I wonder if there would be less angst in our culture, greater depth to our spirituality, and more complete expressions of man and womanhood if we allowed room for pointless beauty. Get out your surfboards, paintbrushes, guitars or walking shoes. Whatever it is that gives you glimpses of beauty.

Dig it

We recently acquired Nick Cave’s new album “Dig Lazarus Dig”. I found it somewhat jarring at first. I think I prefer Cave’s ballads – to me they best suit his sultry voice and brooding subject matter. But I have to say it is growing on me. And once again he stirs me to think.The wikipedia references Cave as saying this about Lazarus and the inspiration for the title track:

“Ever since I can remember hearing the Lazarus story, when I was a kid, you know, back in church, I was disturbed and worried by it. Traumatized, actually. We are all, of course, in awe of the greatest of Christ’s miracles – raising a man from the dead – but I couldn’t help but wonder how Lazarus felt about it. As a child it gave me the creeps, to be honest. I’ve taken Lazarus and stuck him in New York City, in order to give the song, a hip, contemporary feel. I was also thinking about Harry Houdini who spent a lot of his life trying to debunk the spiritualists who were cashing in on the bereaved. He believed there was nothing going on beyond the grave. He was the second greatest escapologist, Harry was, Lazarus, of course, being the greatest.

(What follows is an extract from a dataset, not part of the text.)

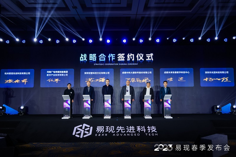 同時(shí),易現(xiàn)與河南廣電傳媒控股集團(tuán)數(shù)字產(chǎn)業(yè)投資有限公司、深圳創(chuàng)壹科技文化有限公司、成都中科大旗軟件股份有限公司、成都未來(lái)場(chǎng)景數(shù)字科技中心、深圳市光蕊科技有限公司分別簽訂戰(zhàn)略合作協(xié)議,將發(fā)揮各自領(lǐng)域的核心優(yōu)勢(shì)、資源互補(bǔ),作為生態(tài)合作伙伴共同推動(dòng)XR產(chǎn)業(yè)的發(fā)展。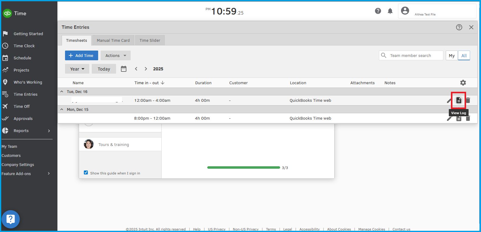 On the other hand, if you're referring to QuickBooks Time, you have two options to access the original time entries: using the View Log icon or downloading the Timesheet Log under the Reports tab. Here's how:

I wanted to create a kind of vehicle, a medium, for Houdini to speak to us if he so desires, you know, from beyond the grave.”

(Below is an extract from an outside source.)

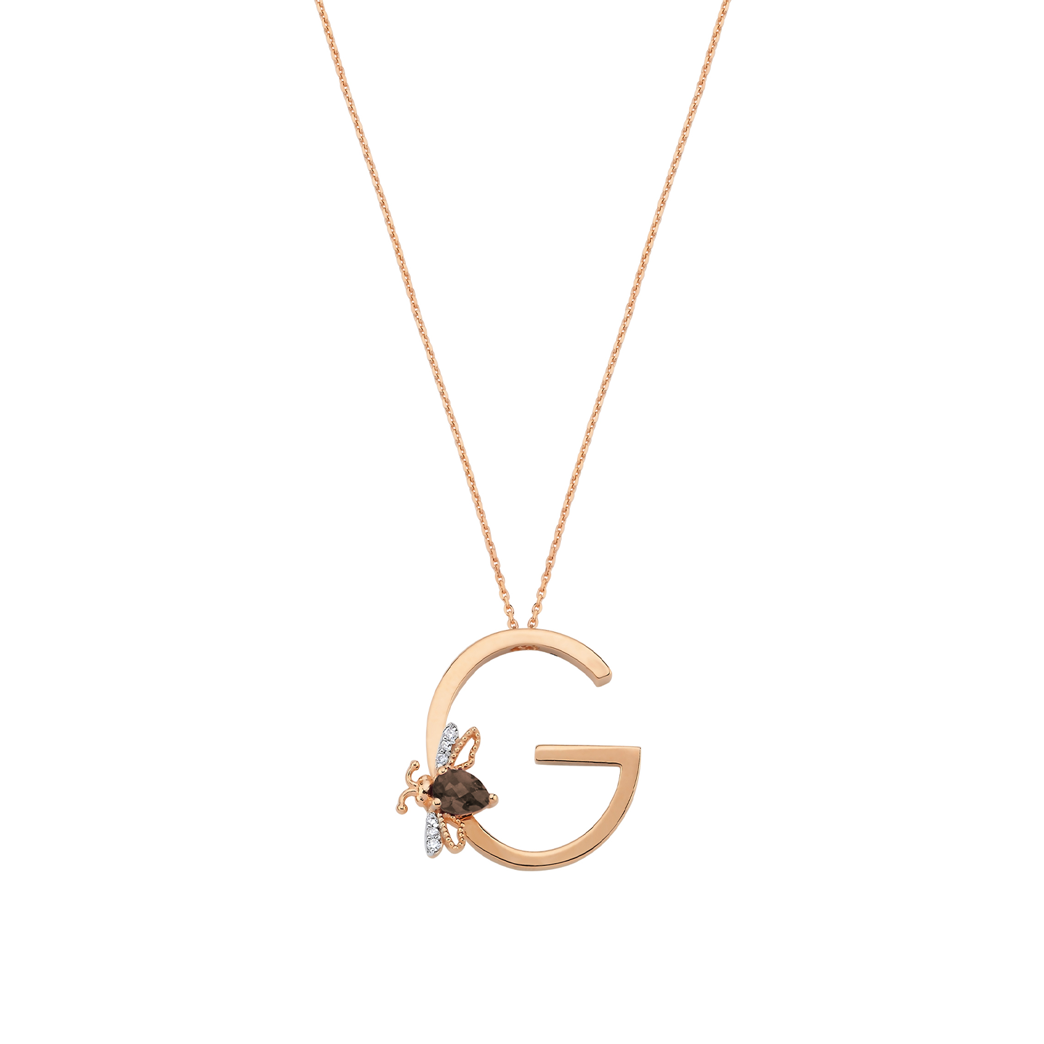 LETTER G GOLD DIAMOND SMOKY TOPAZ NECKLACE

Further confirmation that the bible is full of stories that are not really “kids stuff”. Thanks Nick, for reminding us what a story might look like from the perspective of a child. Fresh life can be found in the seemingly most unlikely of places.

As this article from the Age puts it: “perhaps minstrels will convey something to us that ministers cannot”.

I am not wanting to read too much into Cave’s morbid musings about a dysfunctional Lazarus who crashes and burns with the pressure of his miraculous second go, but never-the-less, Cave’s work is rich with spirituality, and much of it speaks with a prophetic albeit uncomfortable edge.